Dans de telles circonstances, comment pouvoir parler d’élections alors que la quasi-totalité de l’espace public et politique continue à être fermée par le pouvoir aux activités de l’opposition. Malheureusement avec la désignation de Ramazani Shadary, tous les discours et tous les comportements du pouvoir sont acceptés au nom d’un principe supérieur que Kabila n’est pas candidat, donc il faut aller aux élections quel qu’en soit le prix. Comme si les élections voulaient dire le départ de Kabila et non le respect de la volonté souveraine du peuple dans le respect des lois de la République.

Dans de telles conditions, les organisations membres de la plateforme pensent que de telles élections sont annonciatrices d’un futur chaos.

4. La machine à voter

Un enjeu majeur de ces élections, car à l’heure actuelle l’opposition affirme que sans le retrait de cette machine il n’y aura pas d’élections, alors que le président Kabila n’a eu de cesse de répéter que sans machine à voter, il n’y aura pas d’élections. Au-delà de cette polémique, la machine à voter ou machine à imprimer, selon la nouvelle terminologie de la Ceni, fait l’unanimité contre elle, car elle n’a que la pouvoir et la Ceni pour partisans. La société civile, les mouvements citoyens, l’opposition politique, la communauté internationale, les experts techniques sont tous unanimes pour affirmer que le pays n’est pas prêt à l’utilisation de cet outil d’autant plus qu’elle est abandonnée partout et, techniquement, elle n’offre pas des gages de sécurité nécessaire, et l’absence des infrastructures dans le pays, combinée à la nouveauté d’un tel outil pour la population, constitue un vrai handicap.

5. Le fichier électoral

L’audit de l’OIF a révélé des problèmes réels quant au fichier électoral dont le principal est la présence dans le fichier de plusieurs millions d’électeurs dépourvus d’empreintes digitales et la présence nombreuse des cartes vierges en circulation.

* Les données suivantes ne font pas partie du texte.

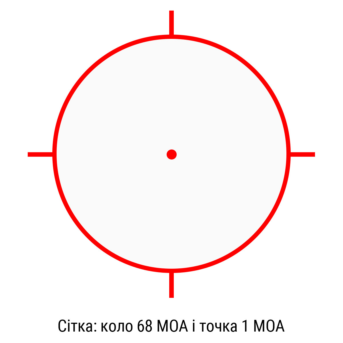 - Сітка прицілу: точка 1 MOA та коло 68 MOA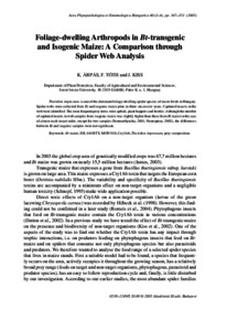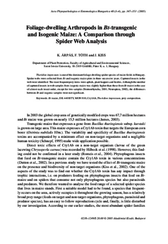Árpás, K. and Tóth, F. and Kiss, J. (2005) Foliage-dwelling arthropods in Bt-transgenic and isogenic maize: a comparison through spider web analysis. Acta Phytopathologica et Entomologica Hungarica, 40 (3-4). pp. 347-353. ISSN 0238-1249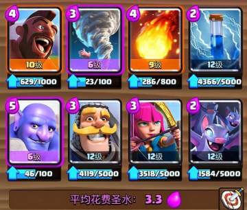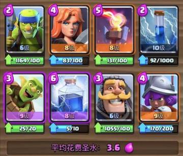哥布林投掷手,电击法术,地狱塔,女武神,哥布林飞桶,骑士,火枪手以及雷电法术组成的卡组,平均消耗只有3.6圣水,打法思路为使用低质量随从进行消耗,法术进行清场。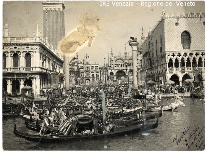 Molo e Piazzetta di S. Marco: ripresi dal Bacino - Imbarcazione: gondola, galeone - Comparse in costume settecentesco - Palazzo Ducale addobbato a festa - Stendardi e bandiere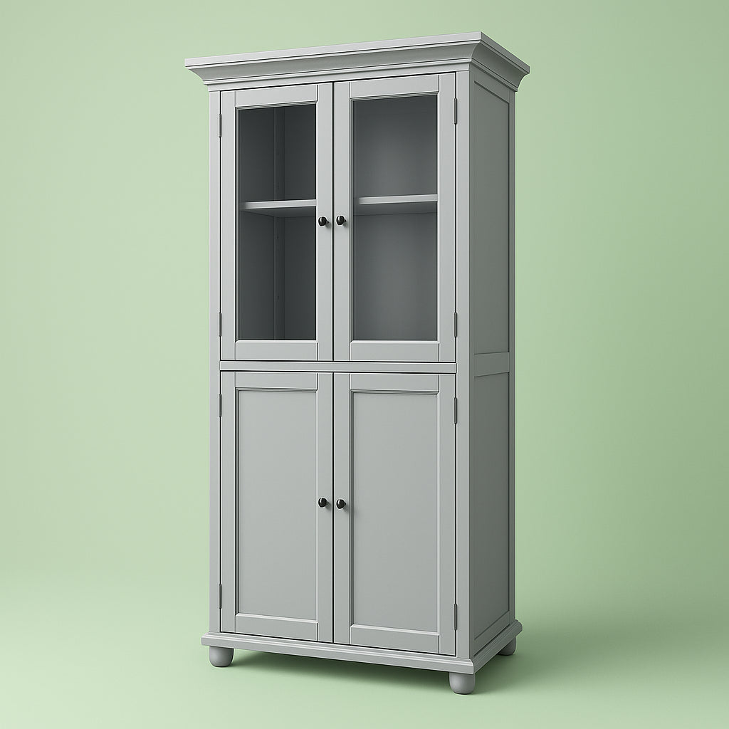 The Hampton Harbor Linen Cabinet combines elegant design with practical storage solutions. Featuring a dove grey finish, chrome hardware, and a mix of glass and solid doors, it offers versatile storage for any room. Perfect for organizing linens, dishes, or decorative items.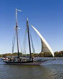 The pungy /ˈpʌŋɡi/ is a type of schooner developed in and peculiar to the Chesapeake Bay region. The name is believed to derive from the Pungoteague region of Accomack County, Virginia, where the design was developed in the 1840s and 1850s.[1]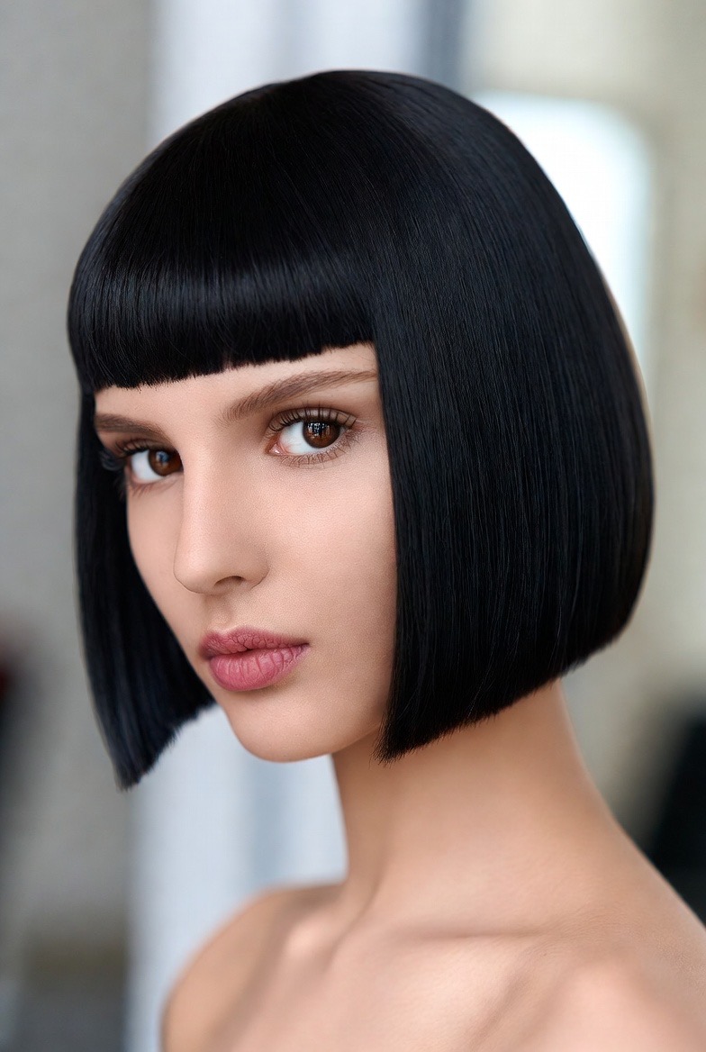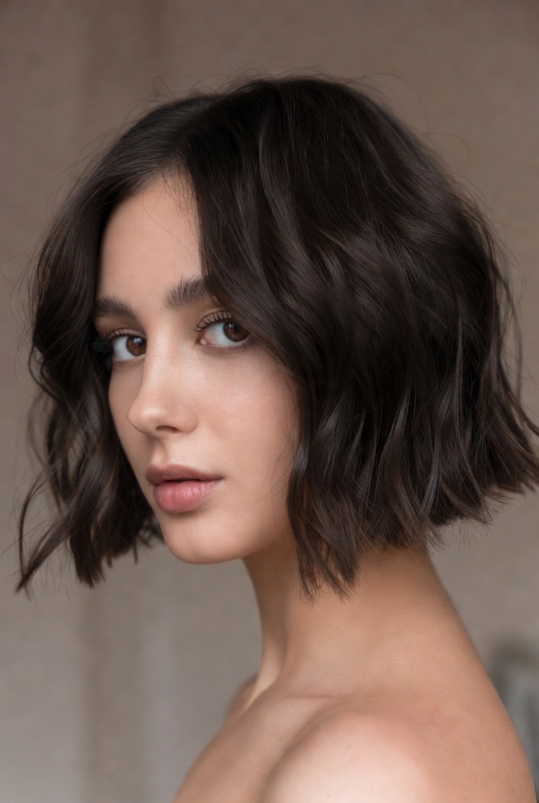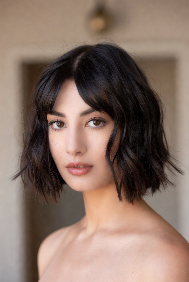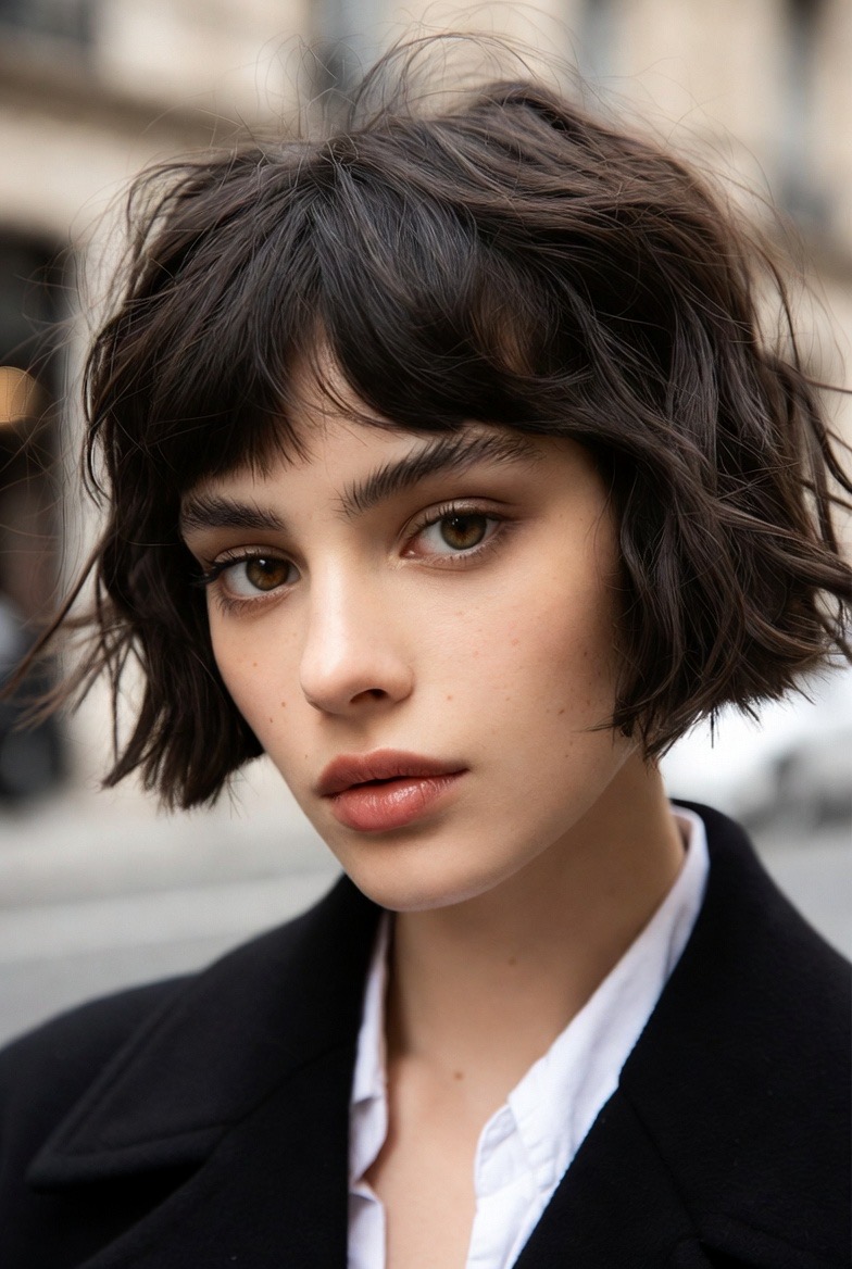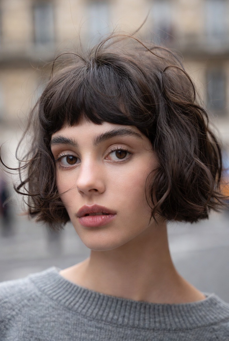 Taking a cue from Parisian street style, this bob is paired with a short, wispy fringe that sits well above the eyebrows. It is intentionally a bit messy and air-dried. This cut is perfect for those who want to highlight their eyes and cheekbones without the commitment of a heavy, blunt bang. It feels lived-in, romantic, and endlessly chic.

Malgré les nombreuses demandes de l’opposition et de la société civile pour la révision du fichier et la suppression de ces millions d’électeurs sans empreintes digitales, la Ceni reste sourde à ces appels. La question que nous nous posons est celle de savoir comment dans de telles conditions peut-on encore parler des véritables élections.

Nous espérons que la Ceni va revenir à la raison et mettre en œuvre les recommandations de l’audit de l’OIF pour la consolidation du fichier électoral, premier facteur pour des élections transparentes.